▸ TASK DESCRIPTION
Copy the first line of the entries below and every line after it through the line containing "- Kompaktowe wymiary". Do not include pictures.

▸ INPUT MATERIAL
----------
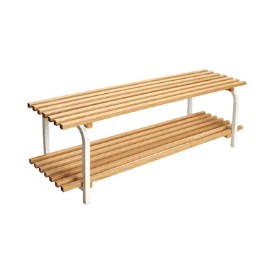 Robust frittstående skohylle med hylleplate av klarlakkerte trelister. Finnes i forskjellige varianter og bredder.
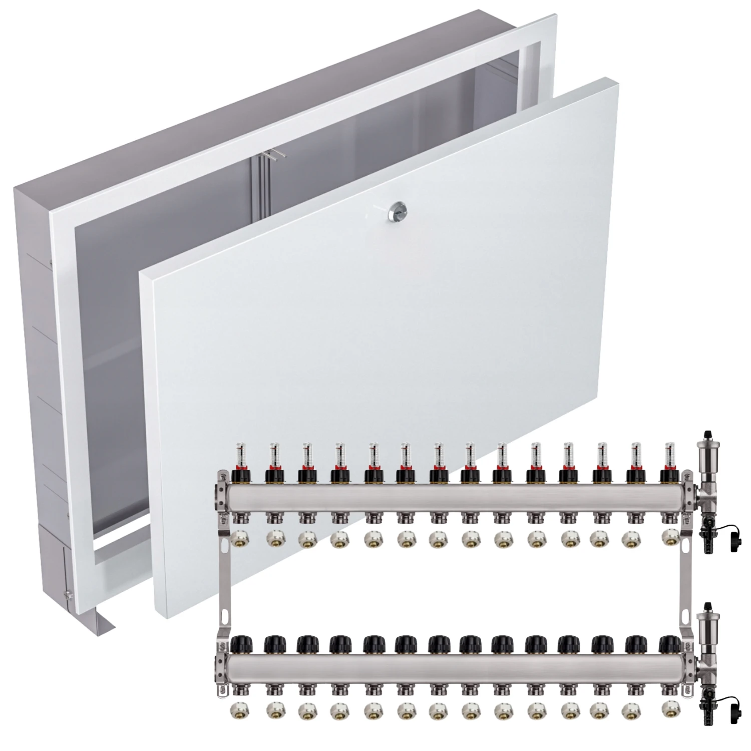 - Kompaktowe wymiary – rozdzielacz i szafka mają praktyczne wymiary, co ułatwia dopasowanie ich do różnych przestrzeni i instalacji.
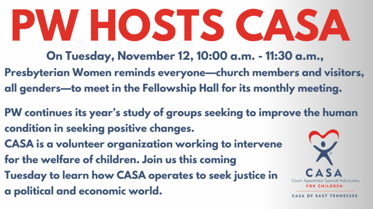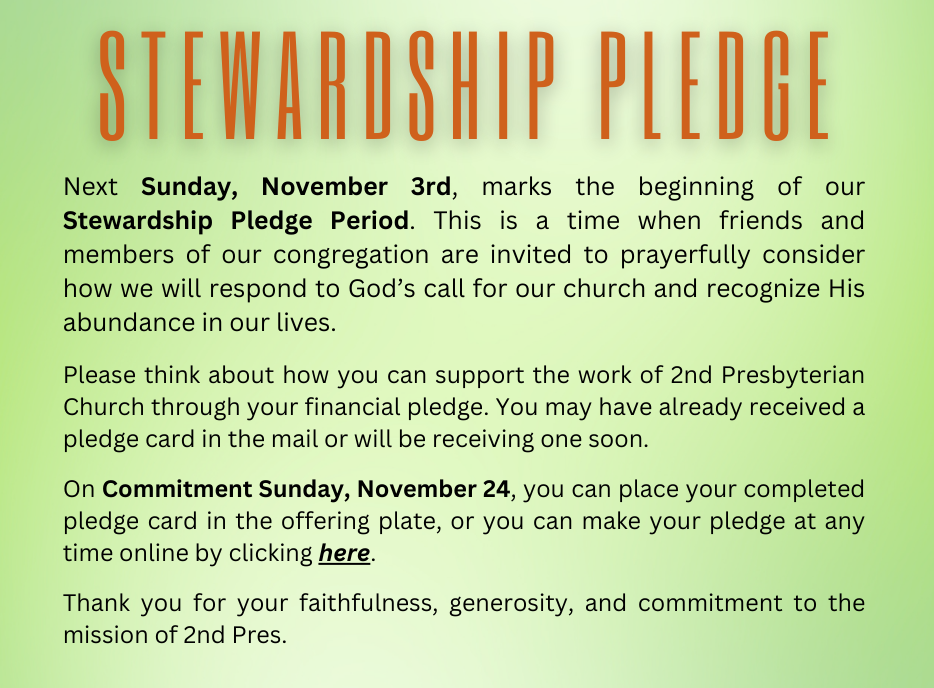 Please get in touch with the Church Office with prayer concerns to be listed in the weekly email or bulletin (mvillalta@2ndpres.org, 865.523.2189)
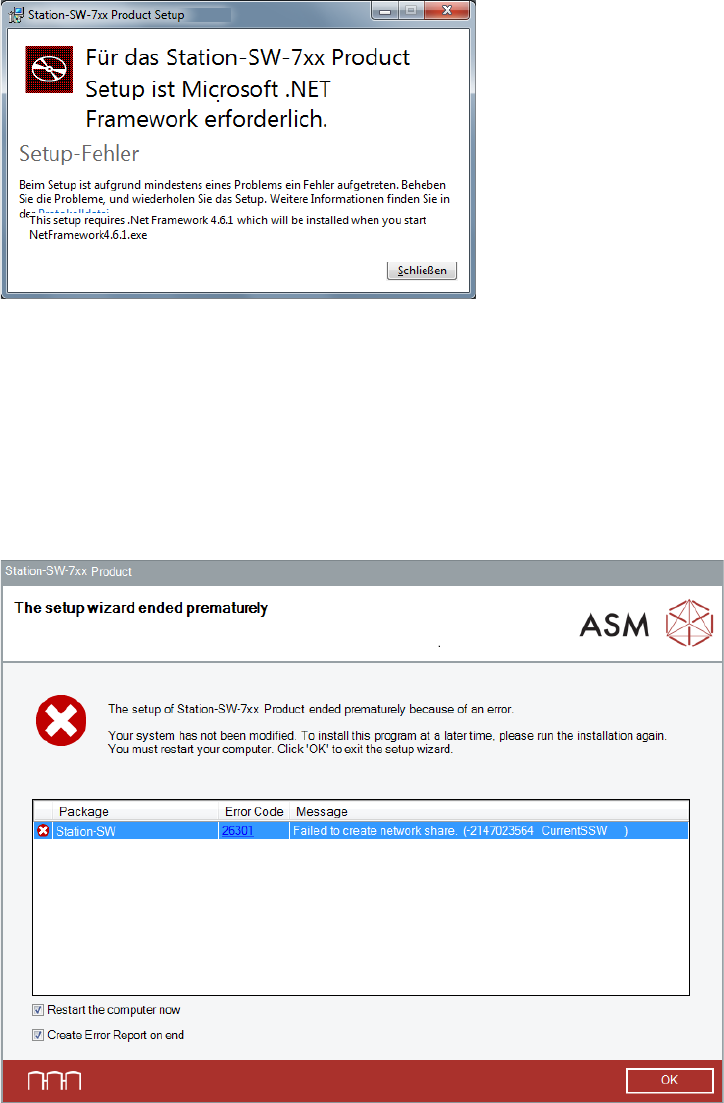 Station Software V ersion 711.1 (R 18 - 1) / Installat ion Manual 05/2018 Edition 35 5.4.1 Error Handling T he following erro r message may be di splayed after starting the station softwar e installation. Figure 5-23: Fa…
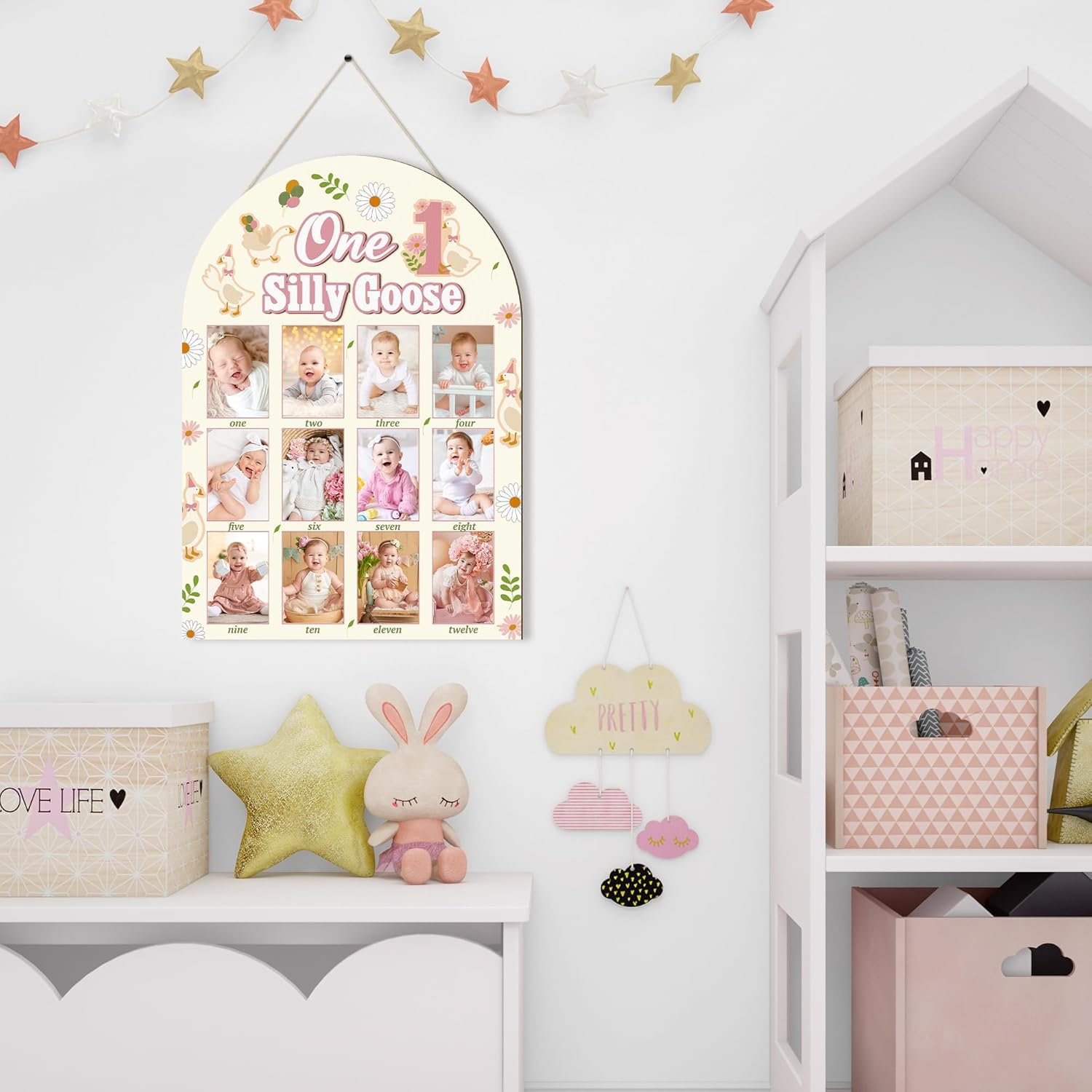 R HORSE My First Year Photo Frame Board, 3D One Silly Goose Birthday Decorations Display Wood Board, Baby First Year Picture Frame 12 Months Milestone 1st Birthday Nursery Decor Gift for Boy Girl
----------
▸ REPLY TO THE EXERCISE
 Robust frittstående skohylle med hylleplate av klarlakkerte trelister. Finnes i forskjellige varianter og bredder.
 - Kompaktowe wymiary – rozdzielacz i szafka mają praktyczne wymiary, co ułatwia dopasowanie ich do różnych przestrzeni i instalacji.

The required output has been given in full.